■ **Work request**: Print the listing from its top line through the line containing "其次,按照支部工作计划,国际", nothing more, and leave out the pictures.

■ **Dataset content**:
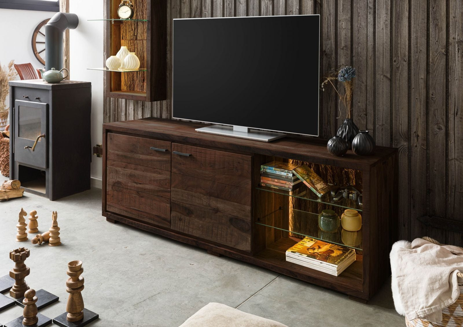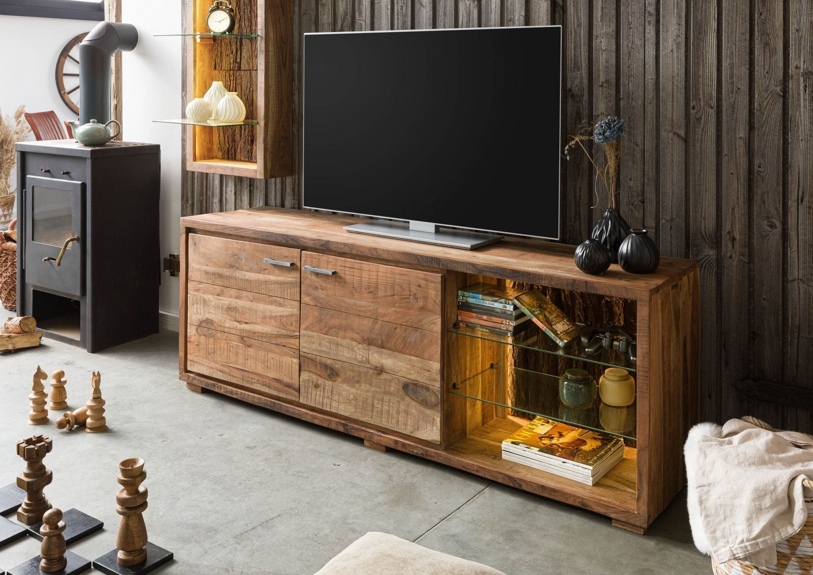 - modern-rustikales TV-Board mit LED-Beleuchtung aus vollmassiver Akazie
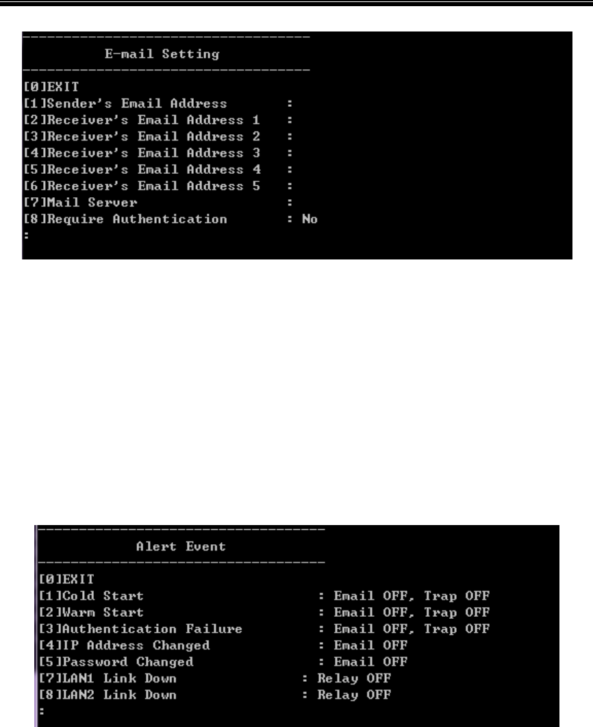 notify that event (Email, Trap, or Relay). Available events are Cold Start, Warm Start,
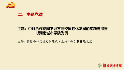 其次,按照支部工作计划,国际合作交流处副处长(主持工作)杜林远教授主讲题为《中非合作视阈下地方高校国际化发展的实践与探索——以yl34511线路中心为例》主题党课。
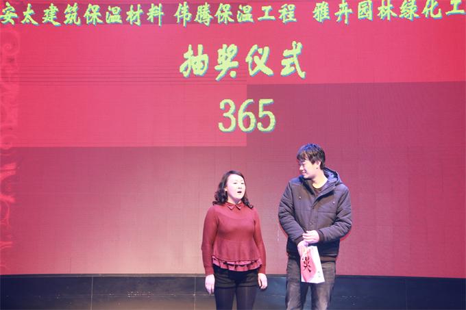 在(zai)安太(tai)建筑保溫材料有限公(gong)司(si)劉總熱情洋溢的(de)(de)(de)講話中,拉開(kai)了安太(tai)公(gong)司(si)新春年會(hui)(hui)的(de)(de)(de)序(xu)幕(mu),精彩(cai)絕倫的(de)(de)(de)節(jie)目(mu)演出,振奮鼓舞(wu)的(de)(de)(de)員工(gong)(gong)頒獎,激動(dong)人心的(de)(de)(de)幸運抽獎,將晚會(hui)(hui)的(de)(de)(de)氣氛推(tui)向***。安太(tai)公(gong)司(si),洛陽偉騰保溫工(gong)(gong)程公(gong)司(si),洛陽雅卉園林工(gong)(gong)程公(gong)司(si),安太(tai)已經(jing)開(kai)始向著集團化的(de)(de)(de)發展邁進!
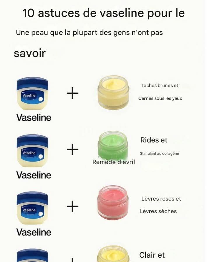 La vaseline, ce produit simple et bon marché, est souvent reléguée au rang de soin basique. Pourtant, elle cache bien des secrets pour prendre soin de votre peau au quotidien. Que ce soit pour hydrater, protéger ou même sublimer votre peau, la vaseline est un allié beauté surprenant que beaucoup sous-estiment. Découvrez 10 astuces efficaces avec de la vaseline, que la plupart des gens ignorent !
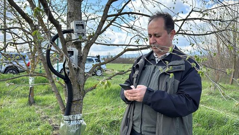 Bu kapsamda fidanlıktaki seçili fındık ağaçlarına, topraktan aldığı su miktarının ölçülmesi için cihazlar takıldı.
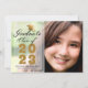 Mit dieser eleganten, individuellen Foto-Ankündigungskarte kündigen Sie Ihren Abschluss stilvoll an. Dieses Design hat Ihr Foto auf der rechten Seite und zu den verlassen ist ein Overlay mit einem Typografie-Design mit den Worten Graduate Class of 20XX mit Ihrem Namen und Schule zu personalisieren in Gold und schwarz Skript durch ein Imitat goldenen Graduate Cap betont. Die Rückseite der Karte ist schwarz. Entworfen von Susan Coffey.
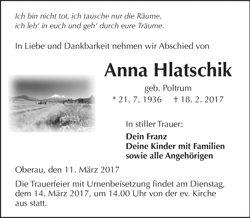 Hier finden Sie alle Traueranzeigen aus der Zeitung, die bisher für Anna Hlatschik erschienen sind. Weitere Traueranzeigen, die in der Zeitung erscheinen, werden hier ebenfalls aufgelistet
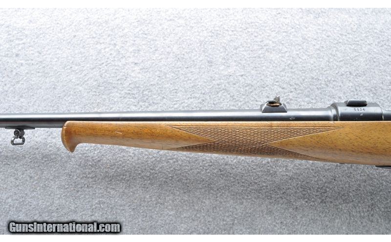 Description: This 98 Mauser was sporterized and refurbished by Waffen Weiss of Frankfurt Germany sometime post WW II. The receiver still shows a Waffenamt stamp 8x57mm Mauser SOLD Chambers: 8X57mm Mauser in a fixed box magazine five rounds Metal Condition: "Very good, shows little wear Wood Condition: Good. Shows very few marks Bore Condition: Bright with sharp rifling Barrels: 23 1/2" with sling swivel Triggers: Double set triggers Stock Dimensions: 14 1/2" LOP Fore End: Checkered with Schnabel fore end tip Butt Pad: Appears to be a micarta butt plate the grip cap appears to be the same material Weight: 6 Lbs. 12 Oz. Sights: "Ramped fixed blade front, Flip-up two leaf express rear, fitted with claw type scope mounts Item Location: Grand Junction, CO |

■ **Reply to the task**:
 - modern-rustikales TV-Board mit LED-Beleuchtung aus vollmassiver Akazie
 notify that event (Email, Trap, or Relay). Available events are Cold Start, Warm Start,
 其次,按照支部工作计划,国际合作交流处副处长(主持工作)杜林远教授主讲题为《中非合作视阈下地方高校国际化发展的实践与探索——以yl34511线路中心为例》主题党课。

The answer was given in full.